How to Keep Your Pets Safe in Your Kia

dog on carIf you like to travel with your dog or cat, they need just as much protection as a child does—sometimes more. Children often understand, especially as they get older, that while in the car, they are supposed to sit down and stay still. Dogs and cats on the other hand, may try to roam. You may be lucky; maybe your dog will sit on his seat and stay still and quiet while in the car. My dog will pace back and forth on the backseat before trying to first, lick the face of whoever is driving, and then climb into their lap (she is a fifty-pound collie mix).


If you want to keep a dog or cat safe during a car ride, whether you are taking them on a road trip or you are just driving to the vet, here are some tips and items that will help:

  1. A pet restraint – Just like a child, a dog or cat can benefit from being restrained while in the car. While this isn’t a law yet, it soon may be. Unlike a person who may be able to brace themselves in the event of an impact, a pet will have no concept of preserving himself during an accident. Luckily, there are lots of different types of restraints, including ones that still allow them some degree of freedom to move around the seat and others that keep them buckled down.


  1. Barrier between back and front seats – If you have a dog, small or large, that wants to ride in the front seat, even if both of those seats are occupied, you might want to consider getting a barrier that makes it impossible for him to climb into the front seat. These partitions are usually secured to the front two seats, and are high enough that even large dogs will not be able to climb over them. Dogs often try to climb into your seat because they are nervous in the car, but this means that you are likely to become distracted while trying to either keep them in the back seat or find room for them in the front seat.

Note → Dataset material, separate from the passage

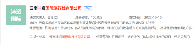 云南沣资国际旅行社有限公司成立于2022年10月10日,注册地位于云南省昆明市盘龙区东华街道办事处新迎社区白云路168号二期地块四I期A座1603号,法定代表人为胡明杰。经营范围包括许可项目:旅游业务(依法须经批准的项目,经相关部门批准后方可开展经营活动,具体经营项目以相关部门批准文件或许可证件为准)一般项目:旅行社服务网点旅游招徕、咨询服务;旅游开发项目策划咨询;园区管理服务;会议及展览服务;信息咨询服务(不含许可类信息咨询服务);票务代理服务;旅客票务代理;休闲观光活动;租赁服务(不含许可类租赁服务);商务代理代办服务;项目策划与公关服务;酒店管理;组织文化艺术交流活动;国内贸易代理(除依法须经批准的项目外,凭营业执照依法自主开展经营活动)。

  1. Travel in the crate – If your dog or cat is crate trained, this can be a great way to safely transport your pet. Not only are they less likely to feel nervous when they are in a familiar crate, they are also less likely to be hurt if there is an accident. A crate is much easier to secure, especially in the cargo space of your vehicle, than a dog or a cat in your backseat or in the copilot seat. If your pet is not familiar with a crate, but you know that they are going to need to travel in one, if you are moving, for example, start a few months before hand to acclimatize them to the idea of a crate. This won’t work for every pet, but it can provide some safety for some pets.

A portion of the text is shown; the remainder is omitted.